The Last Witch Hunter
|Budget: $80 million (estimated)||Financed by: Lionsgate|
|Domestic Gross: $27,367,660||Domestic Distributor: Lionsgate|
|Overseas Gross: $119,569,250||
Directed by: Breck Eisner
Produced by: Mark Canton
The Last Witch Hunter is another failed attempt by Lionsgate to spawn a series after Mortdecai, American Ultra and Child 44 were all groomed by Lionsgate to be their next big franchise in 2015. Lionsgate wisely mitigates their risk on expensive projects by pre-selling the film to overseas distributors and their financial model usually leaves them on the line for around $13 million of the production costs — plus the ever growing expense of domestic marketing, which usually runs north of $30 million. Back in March 2014, Lakeshore Entertainment boarded the film as co-financier with Lionsgate, but Lakeshore quietly left the project, so it is unknown if Lionsgate is shouldering more of the budget than they usually do on big budget fare. The Last Witch Hunter cost an estimated $80 million and Lionsgate dated the pic for October 23, against a glut of wide openers — Paranormal Activity: The Ghost Dimension, Rock The Kasbah, Jem and The Holograms and the wide expansion of Steve Jobs.
The Last Witch Hunter was tracking for an opening between $15 – $19 million, but came in below expectations with a poor $10,812,861 — placing #4 for the weekend led by The Martian in its fourth frame.

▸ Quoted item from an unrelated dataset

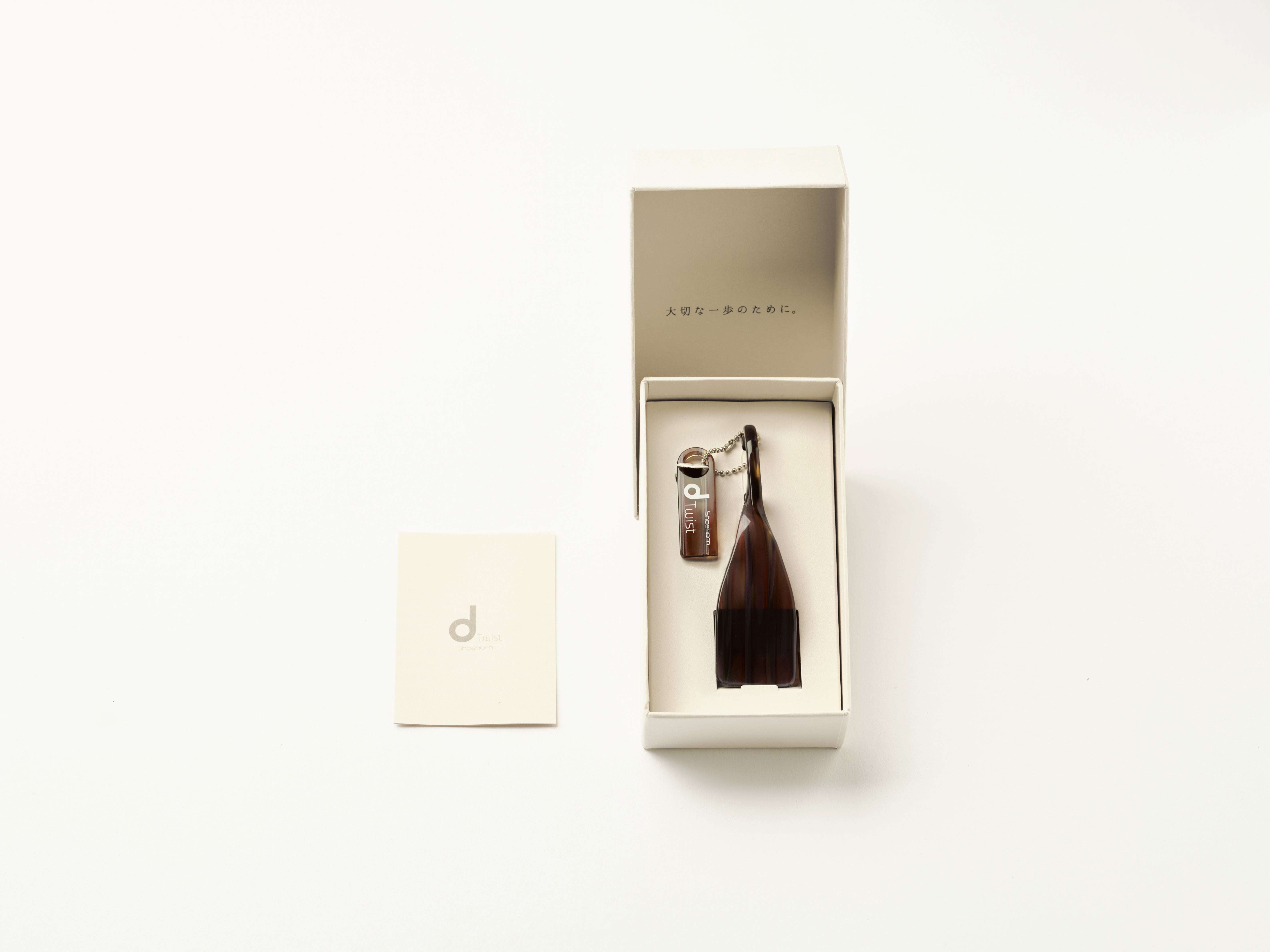 佐々木セルロイド工業所の職人がひとつひとつ磨き上げる「d」のひねり。 靴を履く所作において、最も使いやすい角度を追求した形です。 Shoehorn「d-Twist」は、職人の手によりひとつひとつ丁寧に磨きをかけ生み出されたものです。素材はメガネフレームに使用するセルロースアセート。「d」の文字をひねったようなデザインは靴を履く際非常に使いやすい形となっています。大切な人への贈り物としてもお勧めしております。 靴べらとしての役割だけでなくファッションアイテムとしてもお使い頂けます。バッグにひとつのアクセントとして飾ってみたり、またキーホルダーとしていつでも手が届くところに着けてみたりとさまざまです。

It fell 52.3% to $5,162,398 in its second weekend and saw a 49.7% third frame decline to $2,598,464. The domestic run ended with $27,367,660. Lionsgate would see returned about $15 million after theaters take their percentage of the gross and took a write-down of $7.2 million on the film.
The Last Witch Hunter fared slightly better in a few overseas markets, pulling in $119.5 million across many distributors, with China posting the highest numbers at $27.4 million.